Hawkins still adjusting to college game

By Andy Samuelson     Dec 24, 2002

Jeff Hawkins doesn’t have a Christmas wish list this year.

“I really don’t want any presents,” the Kansas University red-shirt freshman guard said. “I just want to be with my family and relax at the house.”

When he wasn’t relaxing or interacting with his family, Hawkins planned to spend his spare time watching television — not bowl games, not movies and not tapes of KU games.

Hawkins has been watching and will continue to check out tape from his days as an all-state basketball player at Kansas City Sumner Academy.

“Sometimes I doubt myself,” Hawkins said. “But when I watched some of those old games I know I can still do some of the same stuff. It’s all about having confidence.”

Thus the problem.

“Comparing myself to my senior year of high school, I had a lot of confidence,” said Hawkins, who averaged 19.6 points, 4.5 assists and 2.6 steals a game as a Sumner Academy senior. “This year I have to get my confidence level up, and that’s what I’m trying to work on.”

Hawkins, aptly nicknamed J-Hawk, had a bright beginning to his college career after sitting out last season because of a red shirt. He scored 16 points in just 18 minutes in KU’s exhibition wins over EA Sports and Washburn.

Hawkins connected on six of nine field goals and looked like he had helped answer the question about the Jayhawks’ depth. Then Hawkins came up empty in the season opener against Holy Cross. Next, he made three of four free throws in nine minutes against UNC Greensboro.

Then he hit a sinking spell.

Hawkins logged one minute in both of KU’s losses against North Carolina and Florida at the Preseason NIT in New York City. Back in Lawrence, he played a career-high 15 minutes versus Division II Central Missouri State, but missed all five of his shots. Against Oregon, he mopped up, and he didn’t play at all at Tulsa.

“It’s been tough,” Hawkins said. “But it’s just like my freshman year of high school, from playing in the eighth grade and starting. You have to work your way up. It’s just a tough process, but it all works out in the long run.”

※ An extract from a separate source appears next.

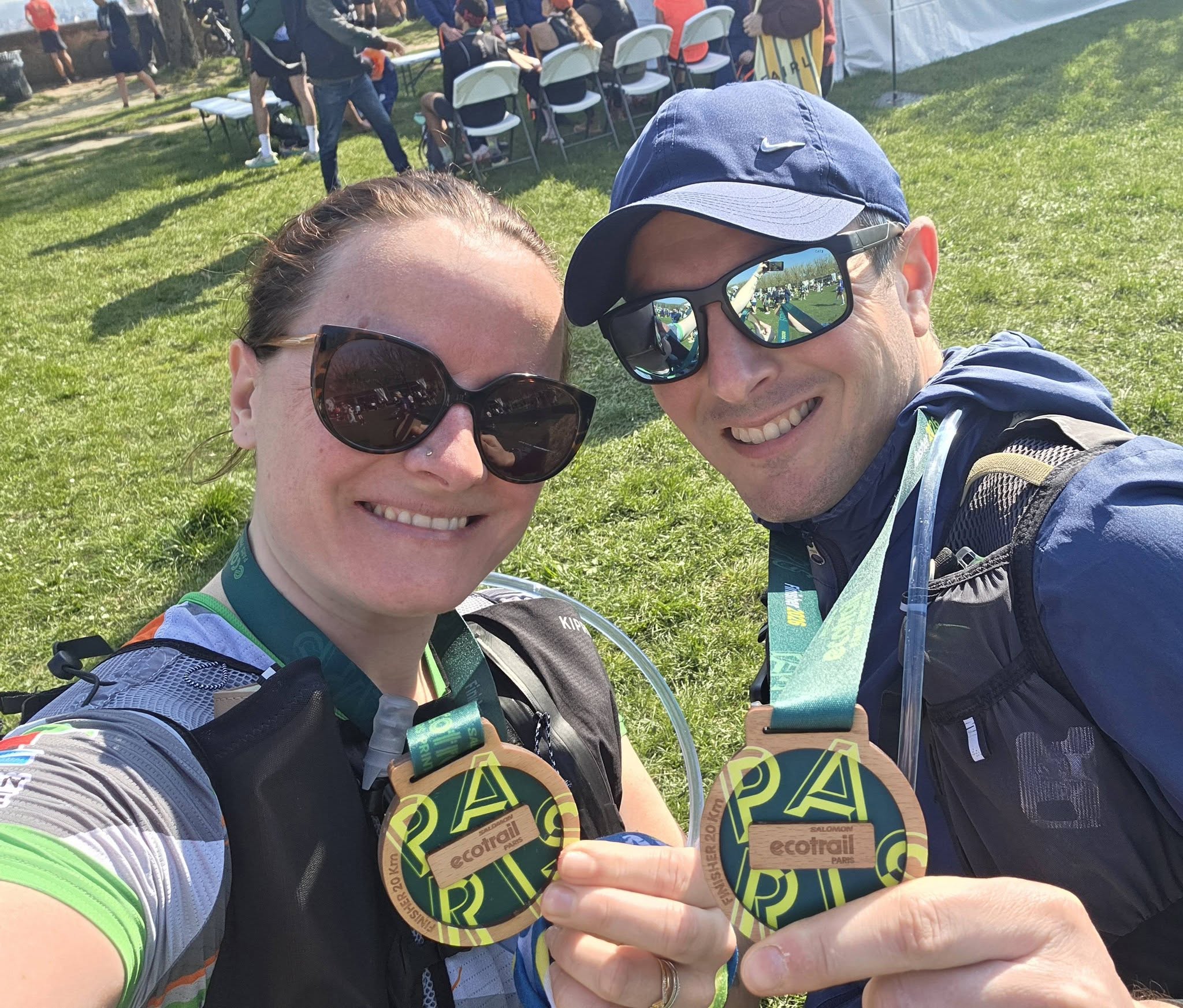 Plus loin le fameux ECOTRAIL de Paris avec le couple souriant Elsa & Franck et aussi Eric qui est abonné (voir son récit plus loin)

Or at least in the last two games.

Hawkins scored a career-high six points in 15 minutes in the Jayhawks’ rout of Emporia State on Dec. 14. And he needed only three minutes of court time to tally four points — which happened to be the only points off the KU bench — against UCLA on Saturday.

“Jeff has gotten better,” KU coach Roy Williams said. “He’s working every day in practice.”

Williams is using Hawkins at both point guard and shooting guard and, the KU coach said, “I think with time he’s going to feel more comfortable with that.”

Hawkins, who was a National Merit Scholar semifinalist in high school, is smart enough to know his days of scoring 42 points in a game — as he once did at Sumner Academy — are over. Still, he also knows Williams is counting on him to contribute off the bench.

“I feel my season is going pretty good, but I need to really focus on the things that coach wants me to do,” Hawkins said. “I understand the game a little more than I did last year, but I feel that I’m worried about making too many mistakes, and sometimes that leads me into making another mistake.”